We predict: "How many goals' worth of chances will each team create?"
Then we derive: Win/draw/loss probabilities using statistical methods.
This approach lets us build on xG — a metric validated by years of academic research and now standard across professional football analytics.
Technical Overview
Model Type
Gradient Boosted Decision Trees (LightGBM)
Two separate models: one for home goals, one for away goals.
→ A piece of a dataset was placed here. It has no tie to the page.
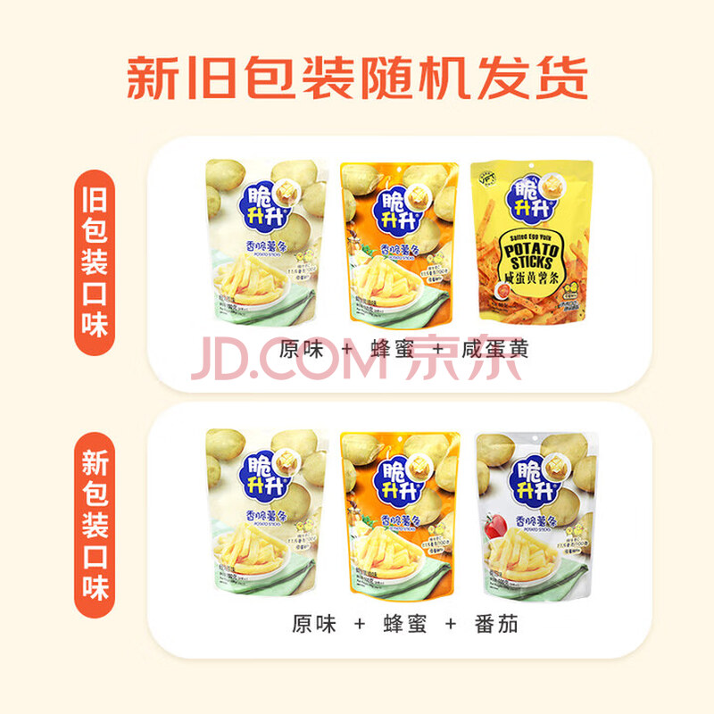 商品相册:脆升升薯条超值分享装300g 三口味休闲零食非膨化(原味+蜂蜜+番茄)第
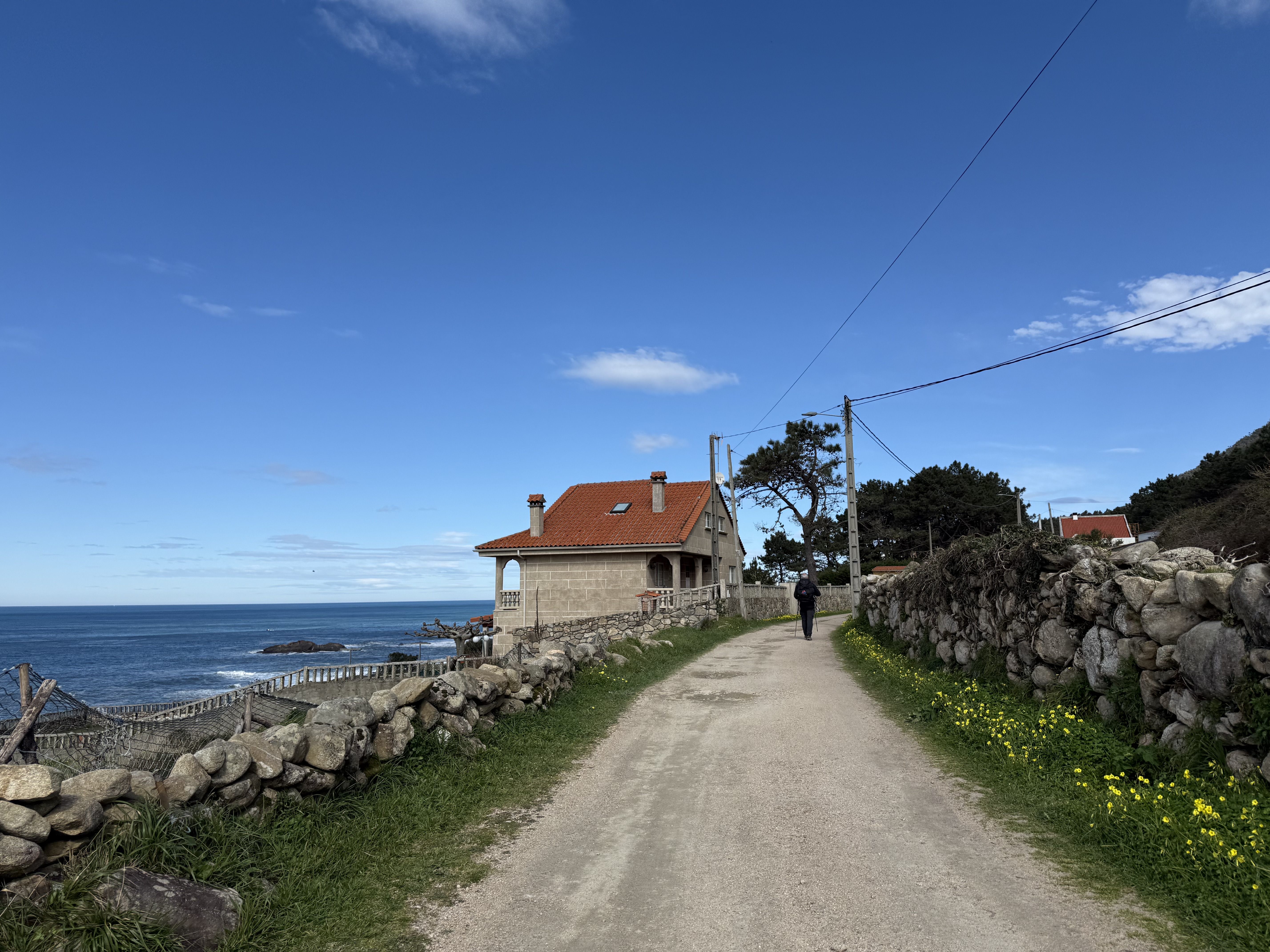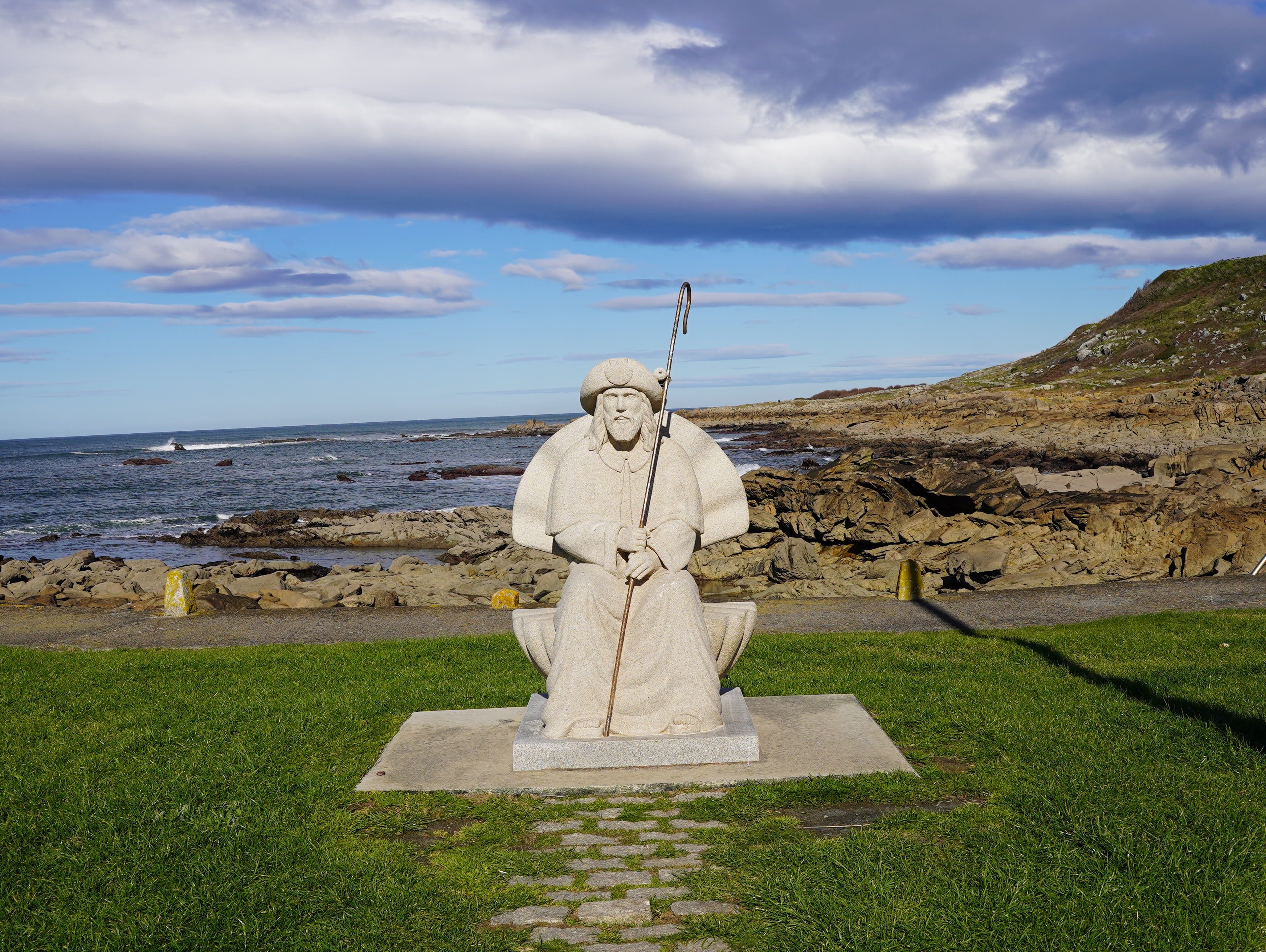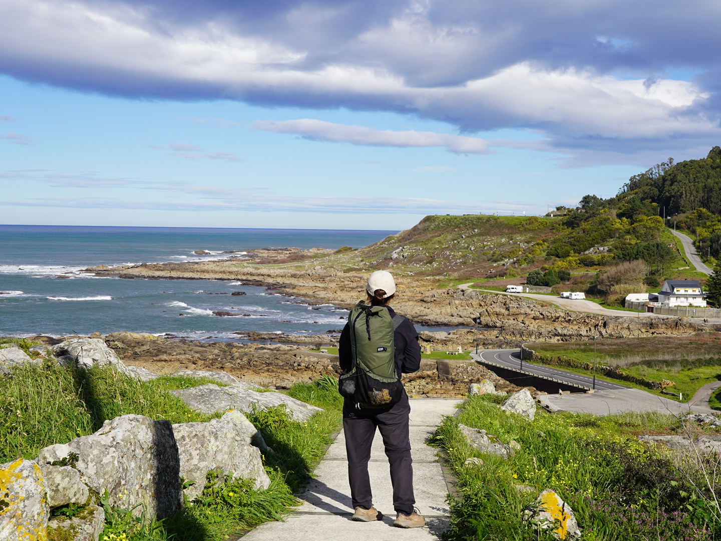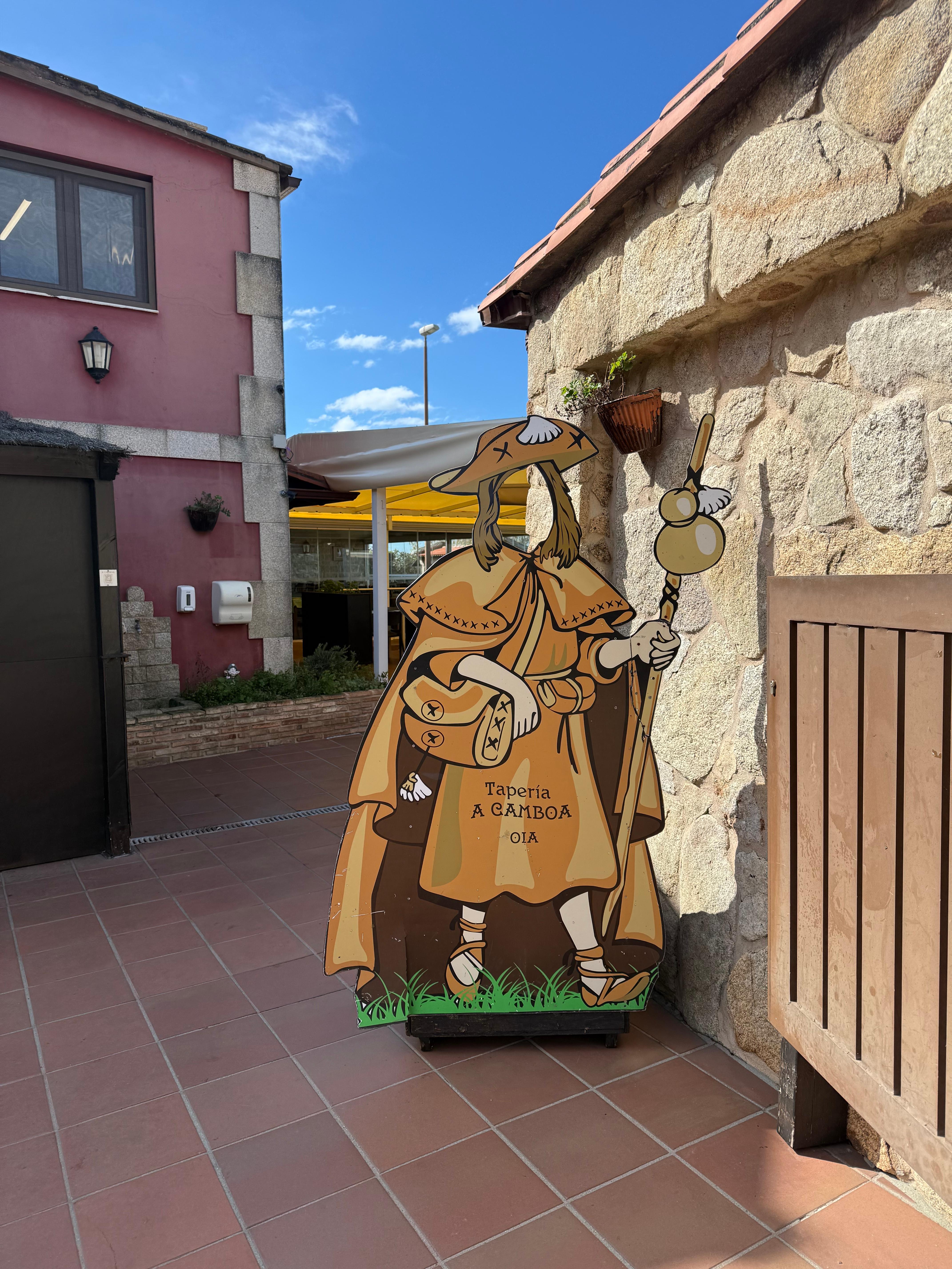 그렇게 마을을 지나 해안가로 내려가니 스페인 순례자 동상이 또 우리를 반겼다. 포르투갈의 귀염 넘치는 순례자 할아버지와는 다른 위엄있는 할아버지 순례자 석상.. 뭔가 가슴이 뜨거워졌다. 이곳에서 정말 멋진 순례자 아주머니..? 할머니라기에는 멋진 언니 느낌의 할머니가 스틱을 열심히 짚으며 걸어가는데, 나도 나이들면 저렇게 멋진 할머니가 되고싶다고 생각했다. 은발 숏컷의 백팩을 메고 파워워킹으로 열심히 걷고 계셨다.

Poisson objective ensures predictions are always non-negative.
Feature Set
240+ engineered features per match
Form metrics, head-to-head history, home/away splits, xG trends, defensive records, and contextual factors.
Training Data
6,500+ matches across multiple leagues
Historical data from 2016-present, including detailed match statistics and actual xG values.
Updates
Weekly model retraining
Model is retrained every Sunday with the latest match data to capture evolving team performance.
What the Model Analyzes
Recent Form (Last 5-10 Matches)
Not just wins and losses, but the quality of performances:
- • xG created and conceded per match
- • Goals scored vs. xG (over/underperformance)
- • Form in different contexts (home, away, vs. top teams)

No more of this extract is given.